You briefly mention the potential for vehicle-to-grid storage schemes, and I wondered if you had seen this report regarding the undesirability of this approach featuring no less than the chief technology officer of Tesla?
https://cleantechnica.com/2016/08/22/vehicle-to-grid-used-ev-batteries-grid-storage/
actinideage, yes, I saw Shahan’s commentary. I’m also skeptical about some of the claims for V2G, but I’m also conscious that there may be business models that might work. I think the problem with these things is the hype, and we tend to push back against the hype more than the technology. FYI, I discussed EV charging in an earlier paper from 2013 –
At face value, electric vehicles (EV) would seem to have a natural synergy with baseload, which could provide low cost and predictable year-round off-peak power for charging when most vehicles are parked at home, whilst underpinning the load factor for baseload generators in the event of the electrification of the Australian motor car fleet (see chapter 9 [39]).
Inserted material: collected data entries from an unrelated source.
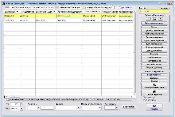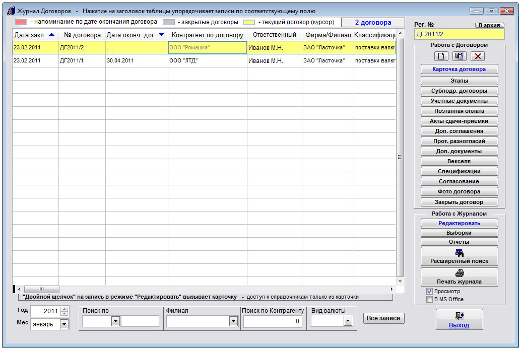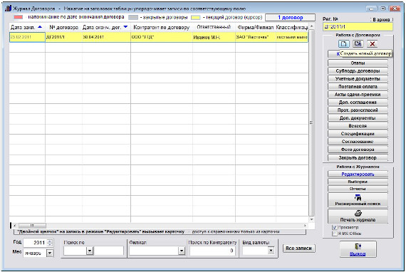 Порядок работы с данным разделом аналогичен основному журналу договоров.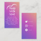 The card features a black line drawing heart and fun text saying "Made With Love" with social links on the back for you to add your own social handles, on a white background.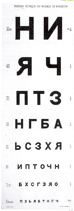 from Duchamp, ed. Francis Naumann: "He even purchased a number of eye charts, one of which he sent to Walter Arensberg [above], hoping, as he said in an accompanying letter, that it might be of some use to him (presumably in his cyrptographic researches."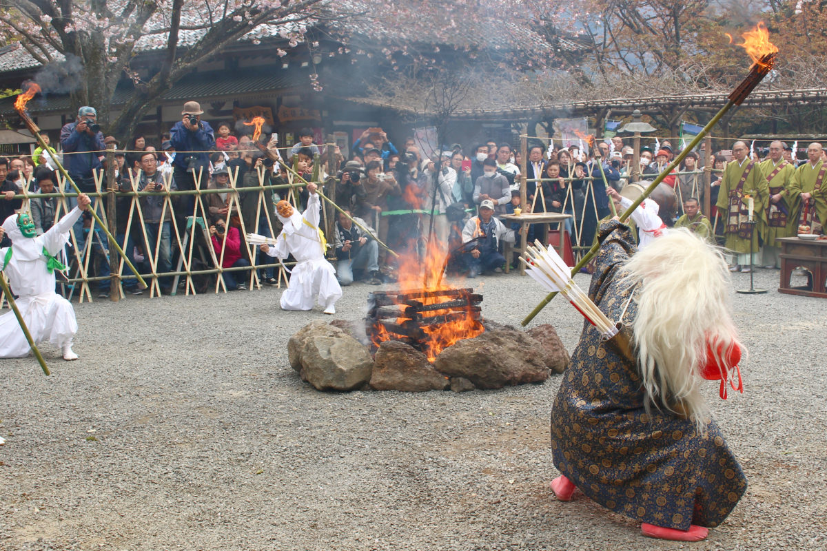 いよいよ火がつけられました!住職による儀式が続きます。火が激しくなるとともに、マダラ鬼神を先頭に鬼たちが境内へ登場しました!手には、杖のようなものを持っています。

Similarly, in regions that have excess wind power at night, the capability of effectively using excess power to charge vehicles may improve the value of wind energy (see Lund and Kempton [40]).
The problem with PV-based V2G is that the available supply will be inversely related to the preferred charging regime (i.e., there will be no PV power available for night time charging when the grid has spare capacity, but during the three or four hours centered on solar noon, few motorists will want to ―fill their tank‖ at the peak daytime tariff). Further, as Trainer [17,41] notes, EV batteries are expensive and their longevity is cycle-limited, so vehicle manufacturers will want to optimise their batteries for maximum driving range at lowest cost in order to produce a marketable vehicle, leaving limited spare capacity available for general grid storage. While V2G will offer a valuable niche role such as network support during critical peak demand events, the sort of integrated role envisaged by Delucchi & Jacobson [10], in which a considerable proportion of system energy is cycled through EV batteries on a daily basis, is probably vastly overstated (see [17] and [42]).
http://www.mdpi.com/2071-1050/5/4/1406